__Your task__:
If a line in the entries contains the word "often", list it.

(Dataset items)
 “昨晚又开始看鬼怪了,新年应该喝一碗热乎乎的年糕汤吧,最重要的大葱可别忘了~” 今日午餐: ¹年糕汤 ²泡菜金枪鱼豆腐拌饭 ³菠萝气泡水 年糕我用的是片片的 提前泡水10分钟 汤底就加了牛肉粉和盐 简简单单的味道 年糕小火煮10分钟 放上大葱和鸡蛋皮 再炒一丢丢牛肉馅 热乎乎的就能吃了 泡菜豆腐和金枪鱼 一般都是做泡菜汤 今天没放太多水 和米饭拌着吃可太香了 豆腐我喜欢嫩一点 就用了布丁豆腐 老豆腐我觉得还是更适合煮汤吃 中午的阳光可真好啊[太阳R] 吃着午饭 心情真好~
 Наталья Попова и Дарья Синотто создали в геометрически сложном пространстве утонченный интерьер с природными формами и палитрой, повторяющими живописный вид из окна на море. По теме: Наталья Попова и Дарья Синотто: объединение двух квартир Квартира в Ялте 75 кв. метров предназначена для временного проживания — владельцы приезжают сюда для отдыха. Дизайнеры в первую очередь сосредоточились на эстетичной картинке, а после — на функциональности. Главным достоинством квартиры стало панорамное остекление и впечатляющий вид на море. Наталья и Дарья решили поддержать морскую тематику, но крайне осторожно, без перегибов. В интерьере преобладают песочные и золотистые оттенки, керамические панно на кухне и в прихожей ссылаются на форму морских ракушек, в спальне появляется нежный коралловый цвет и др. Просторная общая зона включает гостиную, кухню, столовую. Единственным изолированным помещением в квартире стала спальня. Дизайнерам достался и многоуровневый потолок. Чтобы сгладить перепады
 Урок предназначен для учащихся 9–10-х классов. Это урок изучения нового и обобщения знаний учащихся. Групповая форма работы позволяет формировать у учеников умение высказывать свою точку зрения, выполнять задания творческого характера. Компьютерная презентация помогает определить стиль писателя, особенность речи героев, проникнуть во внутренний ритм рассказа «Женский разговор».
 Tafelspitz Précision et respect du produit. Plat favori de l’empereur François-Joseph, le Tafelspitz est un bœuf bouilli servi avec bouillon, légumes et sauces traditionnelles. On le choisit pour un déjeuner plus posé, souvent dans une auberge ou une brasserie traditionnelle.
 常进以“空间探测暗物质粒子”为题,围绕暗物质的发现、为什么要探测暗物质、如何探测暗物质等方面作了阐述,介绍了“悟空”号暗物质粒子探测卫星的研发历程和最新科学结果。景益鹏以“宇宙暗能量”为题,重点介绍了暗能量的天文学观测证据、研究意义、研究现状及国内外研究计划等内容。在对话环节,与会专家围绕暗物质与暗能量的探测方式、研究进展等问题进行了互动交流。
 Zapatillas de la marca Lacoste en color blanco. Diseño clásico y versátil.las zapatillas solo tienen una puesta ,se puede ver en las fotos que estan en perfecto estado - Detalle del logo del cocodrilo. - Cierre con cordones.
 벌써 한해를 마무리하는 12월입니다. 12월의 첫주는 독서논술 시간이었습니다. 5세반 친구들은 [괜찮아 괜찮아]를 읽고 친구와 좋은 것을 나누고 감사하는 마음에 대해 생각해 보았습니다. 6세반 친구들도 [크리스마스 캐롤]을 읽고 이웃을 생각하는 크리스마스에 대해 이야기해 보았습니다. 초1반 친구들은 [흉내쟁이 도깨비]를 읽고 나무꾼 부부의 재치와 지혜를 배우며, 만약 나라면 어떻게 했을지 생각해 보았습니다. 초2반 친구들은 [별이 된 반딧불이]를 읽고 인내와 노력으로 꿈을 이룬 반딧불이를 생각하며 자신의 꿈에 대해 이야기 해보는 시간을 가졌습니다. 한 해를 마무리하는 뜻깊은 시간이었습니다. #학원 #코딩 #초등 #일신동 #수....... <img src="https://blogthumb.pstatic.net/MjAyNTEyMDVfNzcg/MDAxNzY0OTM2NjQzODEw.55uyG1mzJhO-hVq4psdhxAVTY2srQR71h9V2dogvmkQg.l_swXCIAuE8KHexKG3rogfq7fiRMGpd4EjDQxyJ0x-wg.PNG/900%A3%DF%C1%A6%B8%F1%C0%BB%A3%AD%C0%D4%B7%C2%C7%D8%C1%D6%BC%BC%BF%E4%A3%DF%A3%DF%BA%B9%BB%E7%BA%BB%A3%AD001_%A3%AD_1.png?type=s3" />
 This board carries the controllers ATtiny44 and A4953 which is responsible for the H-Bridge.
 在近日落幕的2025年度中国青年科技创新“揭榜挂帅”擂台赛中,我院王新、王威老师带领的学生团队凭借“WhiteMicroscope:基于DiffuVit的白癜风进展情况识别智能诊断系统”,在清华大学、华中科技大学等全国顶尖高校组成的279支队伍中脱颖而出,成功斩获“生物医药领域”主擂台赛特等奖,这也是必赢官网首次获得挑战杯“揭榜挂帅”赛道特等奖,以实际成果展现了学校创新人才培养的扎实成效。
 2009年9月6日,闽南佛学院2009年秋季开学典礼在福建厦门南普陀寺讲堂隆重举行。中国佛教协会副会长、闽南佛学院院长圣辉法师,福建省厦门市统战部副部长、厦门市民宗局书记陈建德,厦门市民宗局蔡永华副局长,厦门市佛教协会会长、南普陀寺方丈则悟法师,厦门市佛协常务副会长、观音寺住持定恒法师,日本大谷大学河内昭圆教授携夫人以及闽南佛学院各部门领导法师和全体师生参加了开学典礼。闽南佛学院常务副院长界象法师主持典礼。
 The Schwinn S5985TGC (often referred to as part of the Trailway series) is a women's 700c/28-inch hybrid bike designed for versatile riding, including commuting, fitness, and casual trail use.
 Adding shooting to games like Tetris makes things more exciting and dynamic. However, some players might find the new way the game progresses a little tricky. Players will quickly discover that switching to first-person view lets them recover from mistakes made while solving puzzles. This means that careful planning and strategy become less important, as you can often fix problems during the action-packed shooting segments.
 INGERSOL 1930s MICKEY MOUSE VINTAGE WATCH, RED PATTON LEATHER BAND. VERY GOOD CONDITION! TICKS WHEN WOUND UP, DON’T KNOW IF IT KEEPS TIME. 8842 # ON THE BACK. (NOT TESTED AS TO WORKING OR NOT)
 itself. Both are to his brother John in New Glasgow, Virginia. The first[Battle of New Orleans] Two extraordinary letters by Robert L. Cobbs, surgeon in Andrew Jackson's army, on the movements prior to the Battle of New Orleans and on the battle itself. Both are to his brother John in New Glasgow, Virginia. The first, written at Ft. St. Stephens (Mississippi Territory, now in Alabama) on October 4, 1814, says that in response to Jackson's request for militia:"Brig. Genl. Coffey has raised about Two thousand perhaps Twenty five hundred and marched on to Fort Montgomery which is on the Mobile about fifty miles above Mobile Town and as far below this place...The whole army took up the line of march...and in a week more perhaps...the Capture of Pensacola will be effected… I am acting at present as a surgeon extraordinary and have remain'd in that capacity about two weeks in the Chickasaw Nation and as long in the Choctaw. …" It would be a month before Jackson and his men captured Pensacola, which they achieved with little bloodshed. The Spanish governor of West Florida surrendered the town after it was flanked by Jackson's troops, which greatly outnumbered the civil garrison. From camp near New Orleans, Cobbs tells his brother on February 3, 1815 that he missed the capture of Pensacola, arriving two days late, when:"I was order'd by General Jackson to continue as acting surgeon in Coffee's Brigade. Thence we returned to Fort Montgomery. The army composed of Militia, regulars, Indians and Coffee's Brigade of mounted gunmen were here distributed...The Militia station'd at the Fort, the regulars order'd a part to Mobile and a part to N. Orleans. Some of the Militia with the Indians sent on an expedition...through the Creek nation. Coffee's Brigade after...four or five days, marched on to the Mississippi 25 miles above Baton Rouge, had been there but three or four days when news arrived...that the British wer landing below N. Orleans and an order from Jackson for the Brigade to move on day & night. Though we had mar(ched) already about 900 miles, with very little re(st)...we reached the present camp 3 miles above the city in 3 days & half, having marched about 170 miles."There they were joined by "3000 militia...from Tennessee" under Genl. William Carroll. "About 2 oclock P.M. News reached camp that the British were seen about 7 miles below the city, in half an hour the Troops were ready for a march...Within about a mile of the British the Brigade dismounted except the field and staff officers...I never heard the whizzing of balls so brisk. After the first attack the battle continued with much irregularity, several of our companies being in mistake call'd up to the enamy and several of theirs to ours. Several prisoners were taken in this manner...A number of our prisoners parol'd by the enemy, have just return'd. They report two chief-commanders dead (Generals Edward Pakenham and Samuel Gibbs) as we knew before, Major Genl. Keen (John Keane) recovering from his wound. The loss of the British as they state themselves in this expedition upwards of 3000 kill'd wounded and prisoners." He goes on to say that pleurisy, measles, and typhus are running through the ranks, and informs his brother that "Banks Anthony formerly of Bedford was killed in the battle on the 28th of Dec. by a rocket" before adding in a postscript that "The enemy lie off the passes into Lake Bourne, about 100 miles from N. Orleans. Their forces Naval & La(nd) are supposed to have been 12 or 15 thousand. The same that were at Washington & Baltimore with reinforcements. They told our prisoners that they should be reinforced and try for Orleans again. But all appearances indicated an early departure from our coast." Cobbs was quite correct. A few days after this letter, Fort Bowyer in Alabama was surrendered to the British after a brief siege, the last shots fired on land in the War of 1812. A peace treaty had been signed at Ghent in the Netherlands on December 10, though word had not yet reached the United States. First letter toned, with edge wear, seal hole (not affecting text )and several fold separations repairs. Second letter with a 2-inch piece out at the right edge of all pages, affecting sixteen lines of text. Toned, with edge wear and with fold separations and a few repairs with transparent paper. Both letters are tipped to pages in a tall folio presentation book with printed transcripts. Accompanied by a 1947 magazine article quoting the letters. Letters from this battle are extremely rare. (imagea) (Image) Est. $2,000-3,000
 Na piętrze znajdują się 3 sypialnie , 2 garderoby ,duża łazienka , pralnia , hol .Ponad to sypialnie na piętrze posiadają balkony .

__Written response__:
 The Schwinn S5985TGC (often referred to as part of the Trailway series) is a women's 700c/28-inch hybrid bike designed for versatile riding, including commuting, fitness, and casual trail use.
 Adding shooting to games like Tetris makes things more exciting and dynamic. However, some players might find the new way the game progresses a little tricky. Players will quickly discover that switching to first-person view lets them recover from mistakes made while solving puzzles. This means that careful planning and strategy become less important, as you can often fix problems during the action-packed shooting segments.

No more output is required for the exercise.